(Recorded data)
▼

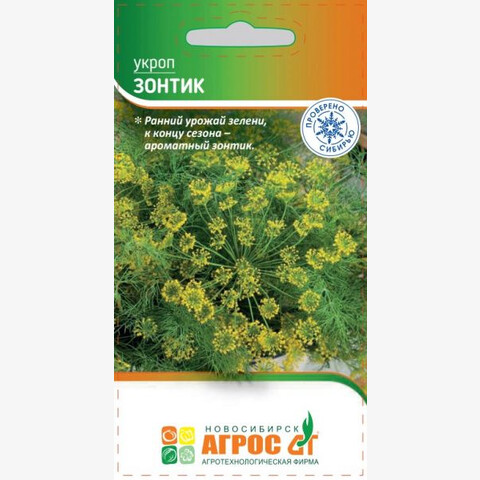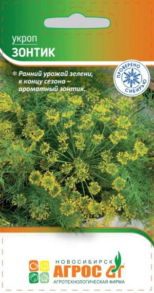 Раннеспелый высокоурожайный сорт. Растение в фазу цветения высотой до 1 м, полураскидистое, образует крупный многолучевой зонтик. Листья зеленые, очень ароматные, нежные, сочные. Достоинства сорта: рано и дружно формирует урожай зелени, к концу сезона образует высококачественный ароматный зонтик. Рекомендуется для употребления в свежем виде, замораживания и использования в качестве специи для консервирования овощей. Особенности выращивания: семена высевают рядками, на глубину 0,5 см, в несколько сроков за сезон с интервалом 20-25 дней. Посев не загущать. Необходим регулярный полив. 100 - V - 20x20 VI-IX
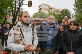 София (9 май 2023) Стотици граждани се събраха на кръстовището между бул. "Сливница" и ул. "Русе“ в столицата, където през нощта на 7 срещу 8 май шофьор на 18 години блъсна и причини смъртта на 23-годишния Я. С. и 24-годишната А. М, които пресичали на пешеходна пътека. На снимката: Георги Тодоров (ляво).
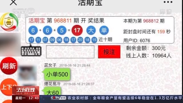 杭州市公安局滨江分局刑侦大队二中队中队长 陈振宇: 其实就是博彩的一个程序,因为它这个房间里面就是只有押大和押小。可能初级房一分钟开一次,高级房三分钟开一次,开了之后你马上就能知道你赢还是输。
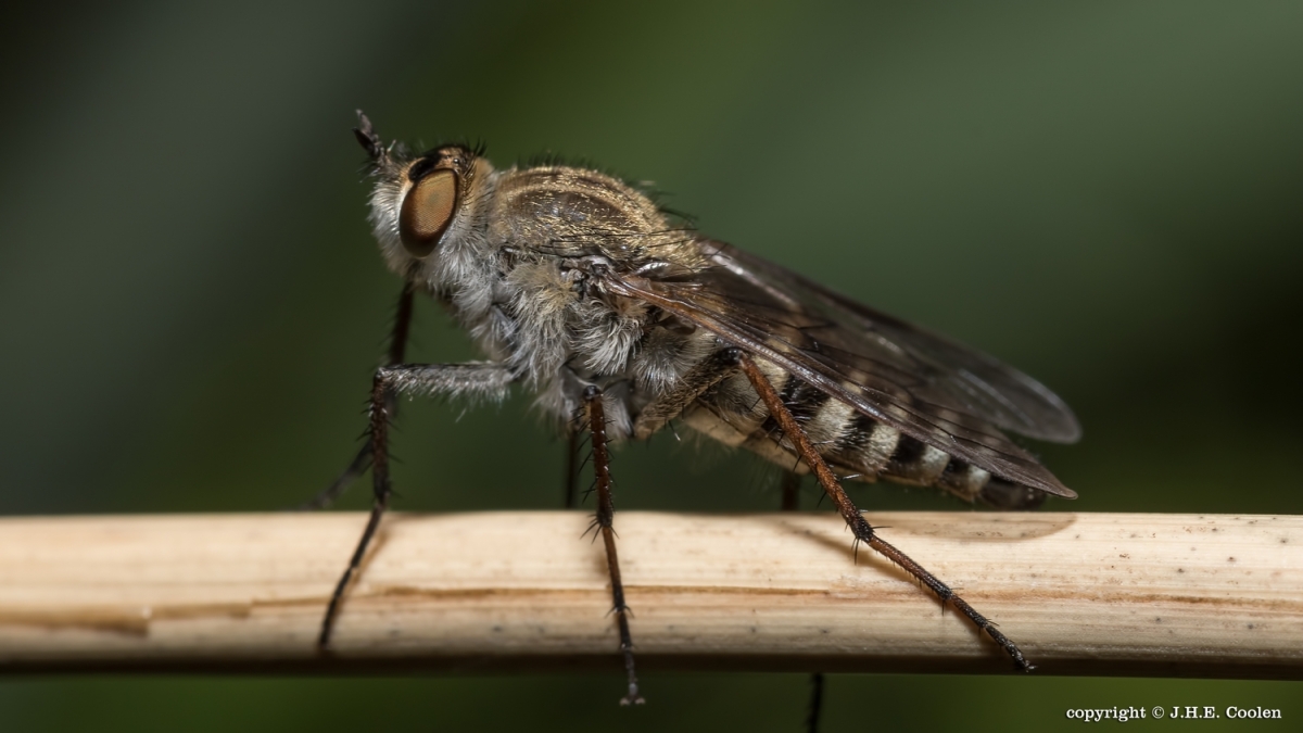 Een rover die vooral onder en in struiken jaagt, maar zich graag op een plekje in de zon opwarmt. Gr. Jan
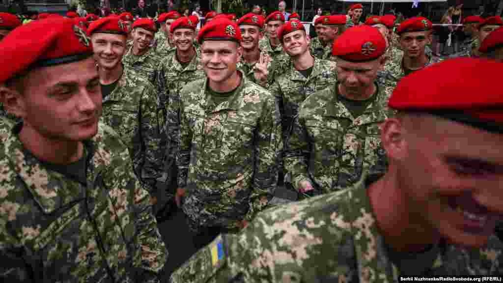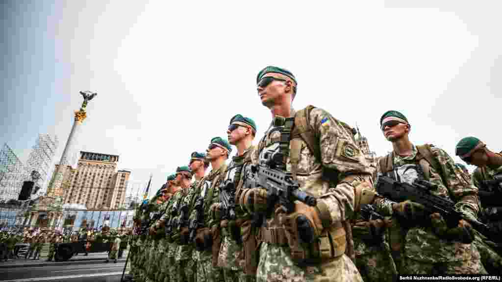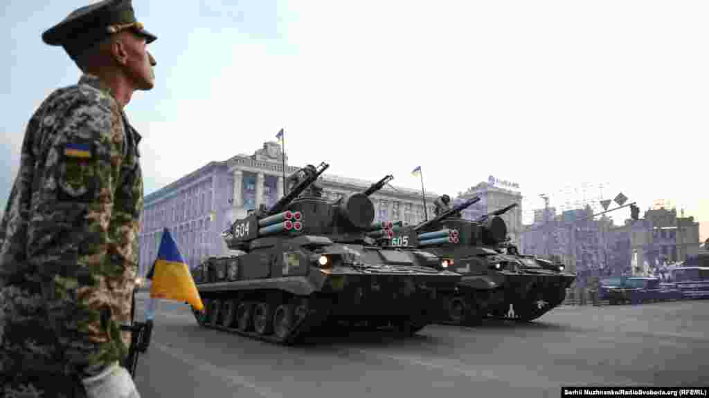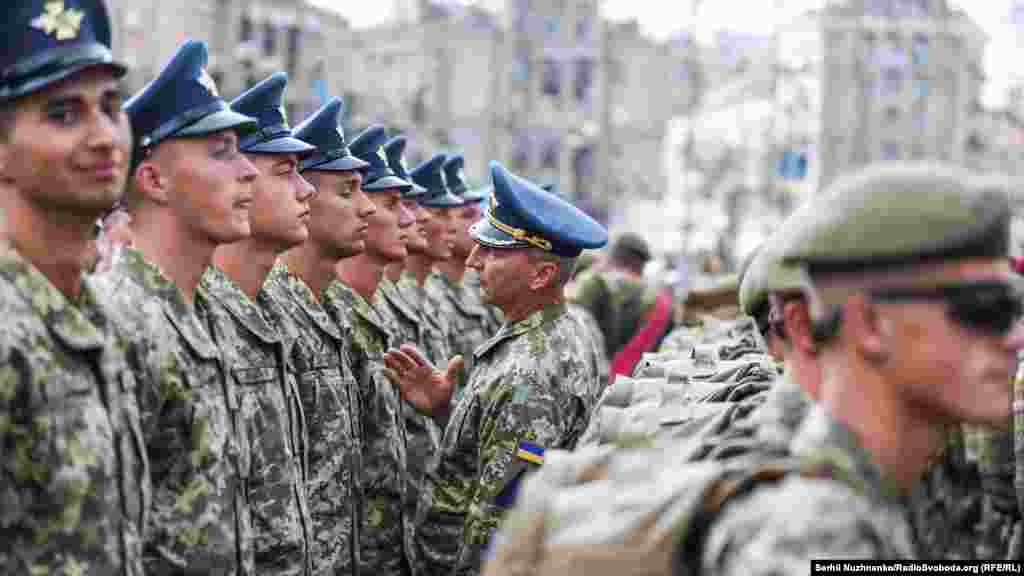 На главной улице украинской столицы – Крещатике – состоялась вечерняя тренировка личного состава, который традиционно привлекают к военному параду ко Дню Независимости Украины. В этом году страна будет праздновать 27-ю годовщину.

▲

> _WHAT THE TASK REQUIRES_
Extract only the lines from the line containing "Een rover die" through the final line of the records; keep both ends and drop every picture.

> _RESULT_
 Een rover die vooral onder en in struiken jaagt, maar zich graag op een plekje in de zon opwarmt. Gr. Jan
 На главной улице украинской столицы – Крещатике – состоялась вечерняя тренировка личного состава, который традиционно привлекают к военному параду ко Дню Независимости Украины. В этом году страна будет праздновать 27-ю годовщину.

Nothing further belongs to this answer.